Reputation: 48490
Trying to understand some fundamentals in Cassandra, I was under the impression that one of the advantages a developer can take in designing a data model is by dynamically adding columns to a row identified by a key. That means I can model my data so that if it makes sense, a key can be something such as a user_id from a relational database, and I can for example, create arbitrary amounts of columns that relate to that user.
What I'm not understanding is why there is so much emphasis to predefined columns in CLQ examples, particularly in the CREATE TABLE/COLUMNFAMILY examples:
CREATE TABLE emp (
empID int,
deptID int,
first_name varchar,
last_name varchar,
PRIMARY KEY (empID, deptID)
);
Wouldn't this type of model make more sense to just stuff into a relational database? What if I don't know my column name until runtime and need to dynamically create it? Do I have to use ALTER TABLE to add a new column to the row using CLQ? The particular app use-case I have in mind I would just need a key identifier and arbitrary column names where the column name might include a timestamp+variable_identifier.
Is Cassandra the right tool for that? Are the predefined columns in documentation nothing more than an example? How does one add a dynamic column name with an existing column family/table?
Upvotes: 3
Views: 3385
Reputation: 19377
My answer from the mailing list:
Schemalessness is not a fundemental concept to Cassandra, at all. You're probably suffering from too much exposure to document databases. Experience has shown that having schema to say "email column is text, and birth date column is a timestamp" is very useful as projects and teams grow.
There's nothing wrong with the relational model per se (subject to the usual explanation about needing to denormalize to scale).

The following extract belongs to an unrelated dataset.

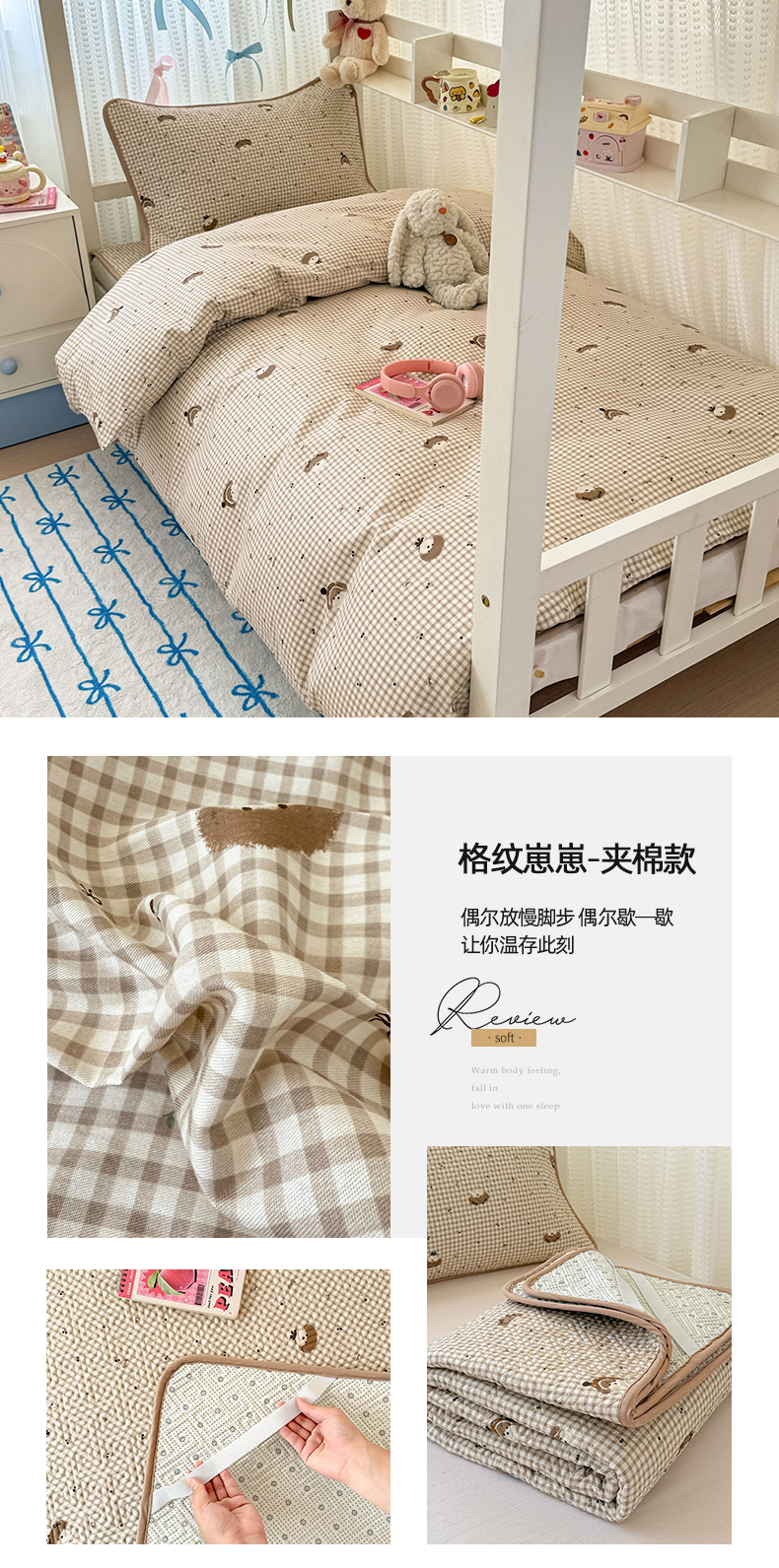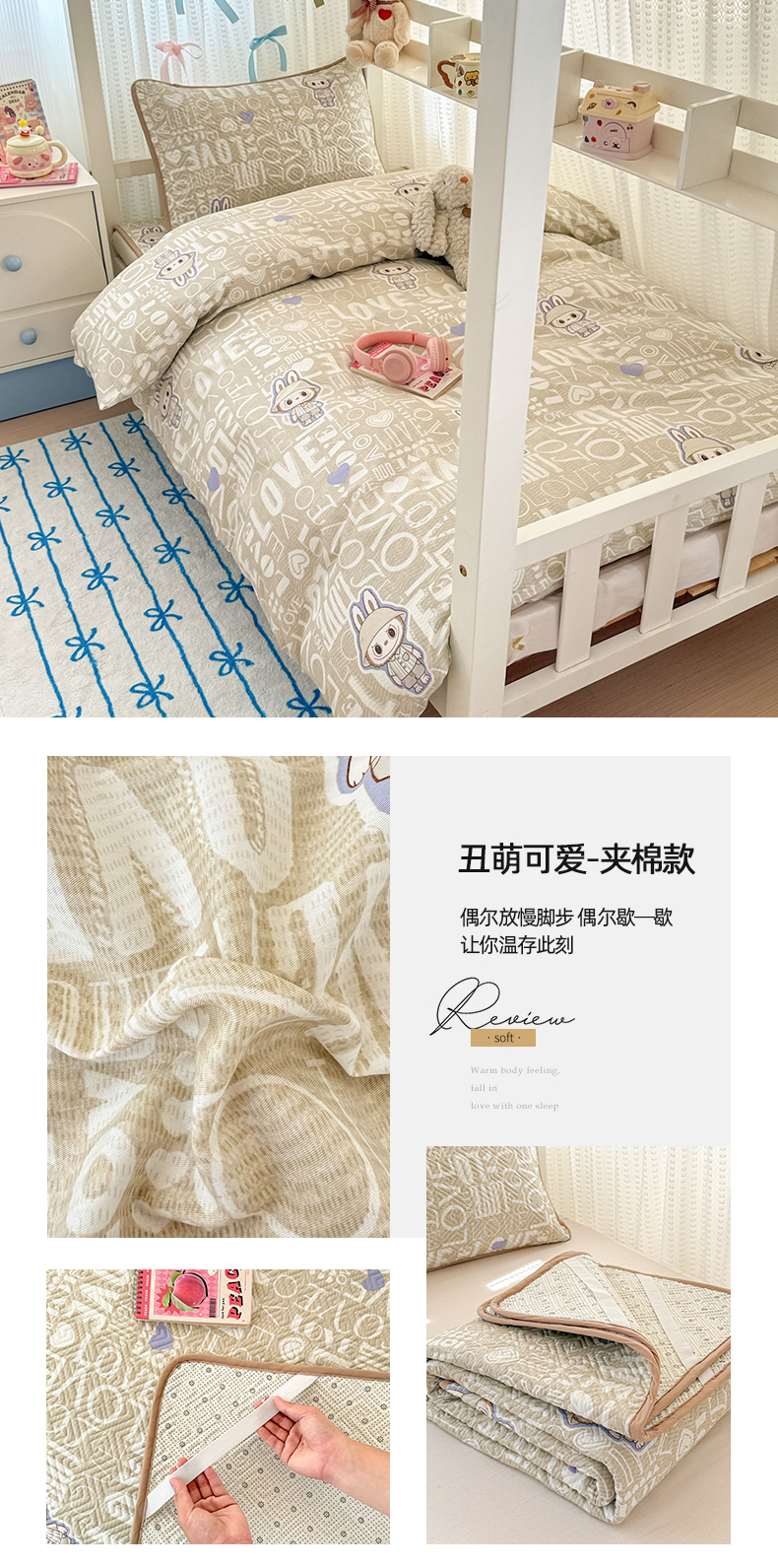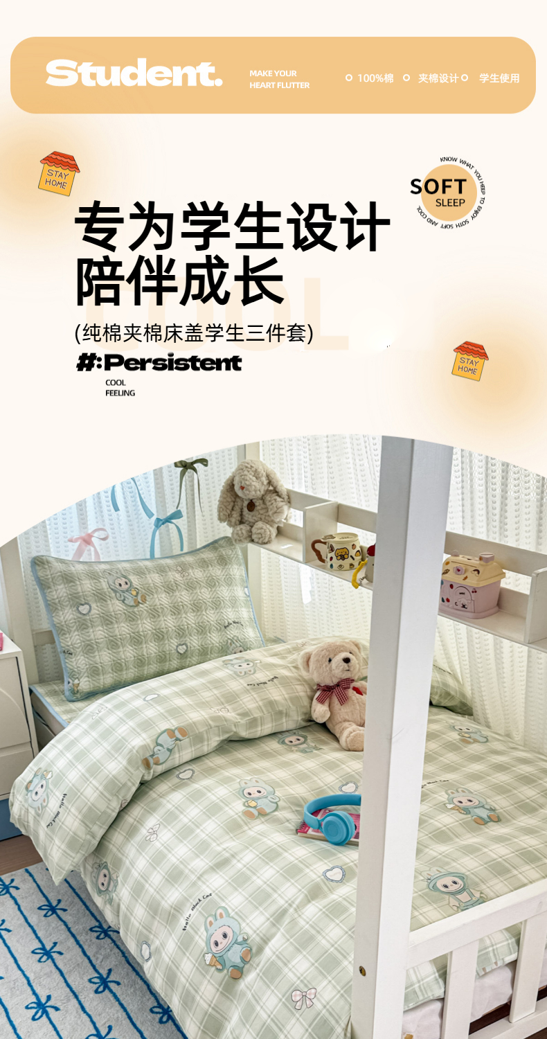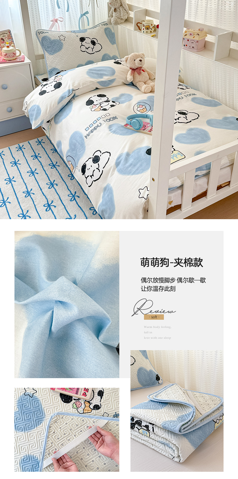 自然醒40支12868全棉夹棉床盖套件三件套大学生宿舍专用卡通被套夹棉床单床盖四季通用JY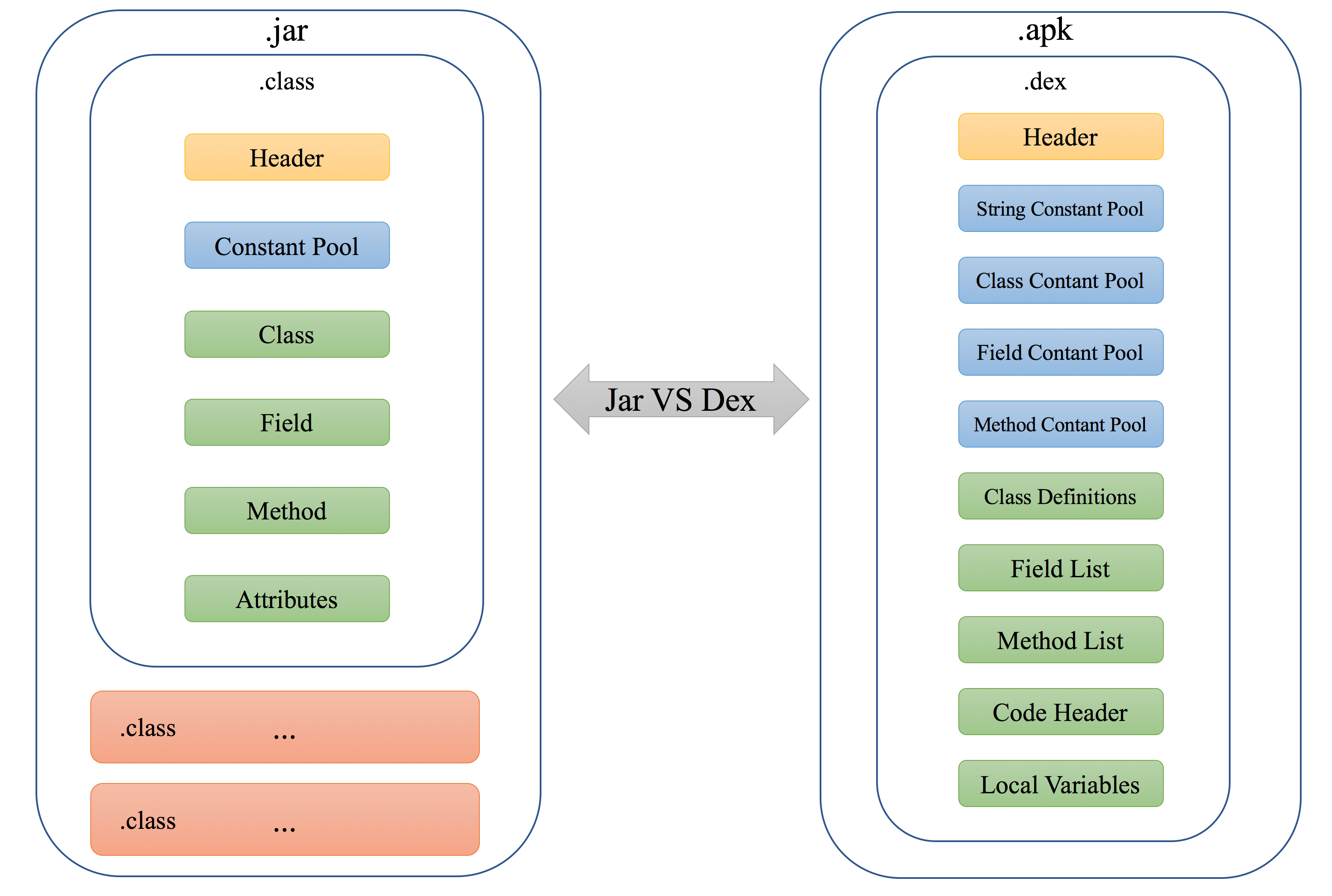 jar文件以class为区域进行划分,在连续的class区域中会包含每个class中的常量,方法,字段等等。而dex文件按照类型(例如:常量,字段,方法)划分,将同一类型的元素集中到一起进行存放。这样可以更大程度上避免重复,减少文件大小。

Cassandra is about making applications scale, not throwing the SQL baby out with the bathwater for the sake of being different.
That said, if you really don't know what kinds of attributes might apply (generally because they are user-generated) you can use a Map.
Upvotes: 1
Reputation: 14173
Do I have to use ALTER TABLE to add a new column to the row using CLQ?
Yes, the schema must be defined before you can insert into 'new columns'. However you could define 1 column that is a collection of data. Look at the 'tag' example in datastax's 'thrift to cql upgrade' blog under mixing dynamic and static columns.
How does one add a dynamic column name with an existing column family/table?
In CQL you have to first alter the structure of the table (column family) using the ALTER
keyword. My guess is that this is to ensure that column families contain the specified columns eliminating the chance of a column being added by mistake (better data quality).
Is Cassandra the right tool for that?
I think it is, but if you need to add columns on-the-fly without specifying schema altering statements then you should probably look into thrift based APIs which can do that, but just a friendly warning, datastax advise that new applications use CQL.
Upvotes: 4